Maybe someone can chime in on the last question, but pg 14 of the sup (dec 2015) shows the current projects at 1 million square feet at $160m or so cost. (June shows 350k sq ft, ~50m, ~10m revenue). Even higher redevelopment cost at 160/sq ft. However, they seem to project cash flow of $33 sq ft. ($20 sq ft June 2016)
On the face of it, it appears they are going for their highest value developments first and then will move down to lower cost ones.
But I see no requirement to complete this in 1 year. They seem to have 70m fcf so this could take 2-3 years for 1 m square feet. On the other hand, they do have some cash on hand of $250m to dip into. I hope they can self-sustain but I can see the counter-argument that to speed this process up they might need more cash. It's like your own business. If you don't have enough cash you can wait until your bank account builds up or you can go and get a loan if you are in a hurry to do something.

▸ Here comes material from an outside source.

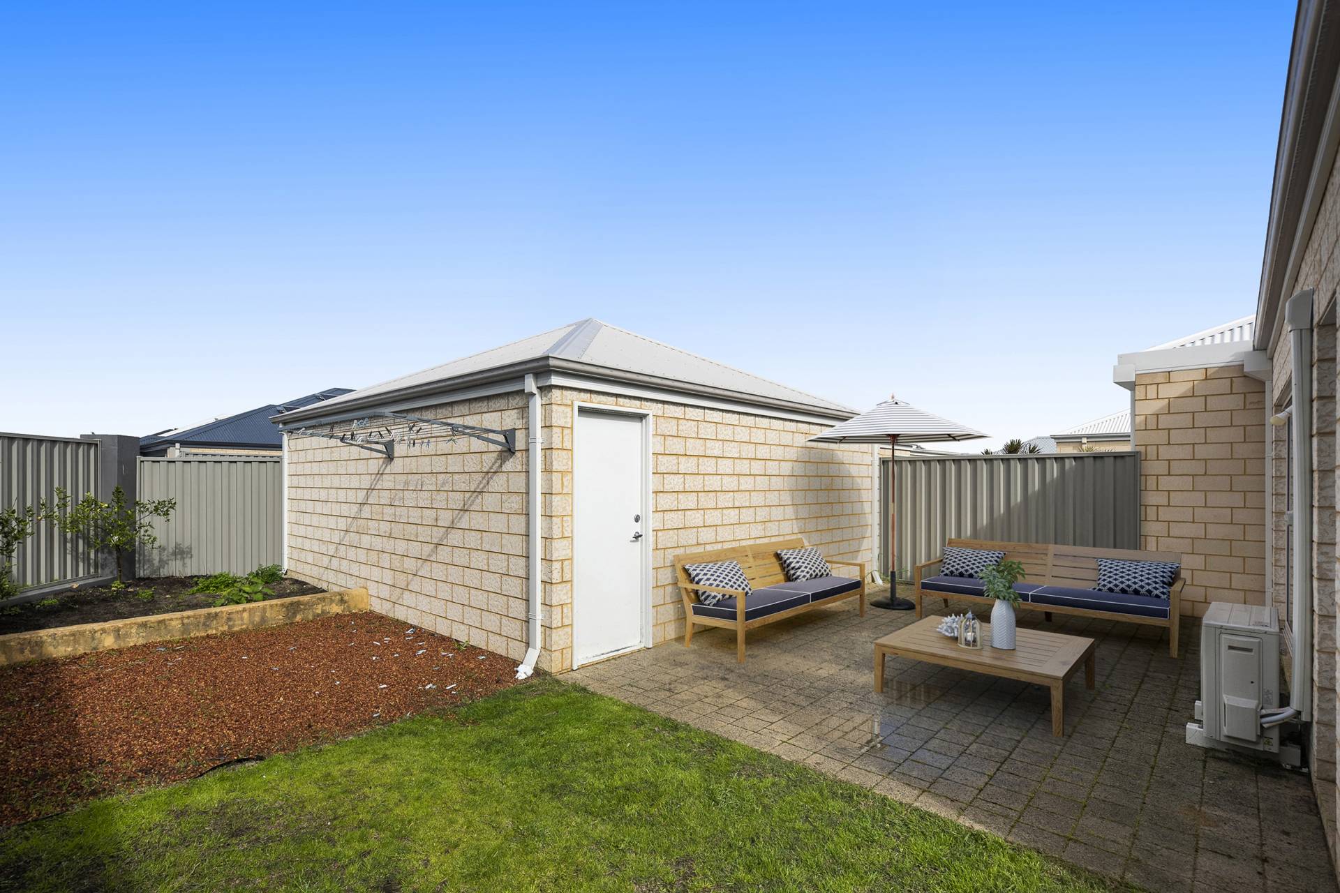 Low maintenance backyard with private courtyard and small grassed area

However I'm totally stumped why they pay a $1 dividend at all which doesn't make any sense to me other than a vague thought that they want to pay shareholders for "waiting around". This doesn't strike me as entirely rational. I'm not too clear on REIT laws though and whether they must pay out based on NOI or based on free cash flow after all capex. They could easily engineer to have zero or close to zero fcf if that allowed them to avoid paying a dividend and develop faster. On the other hand, Seritage appears to be a low cost supplier pushing large new supply into the retail real estate market. Perhaps there is also an argument to be made that too fast development would depress prices and the goal is a measured, steady supply coming online in conjunction with economic recovery.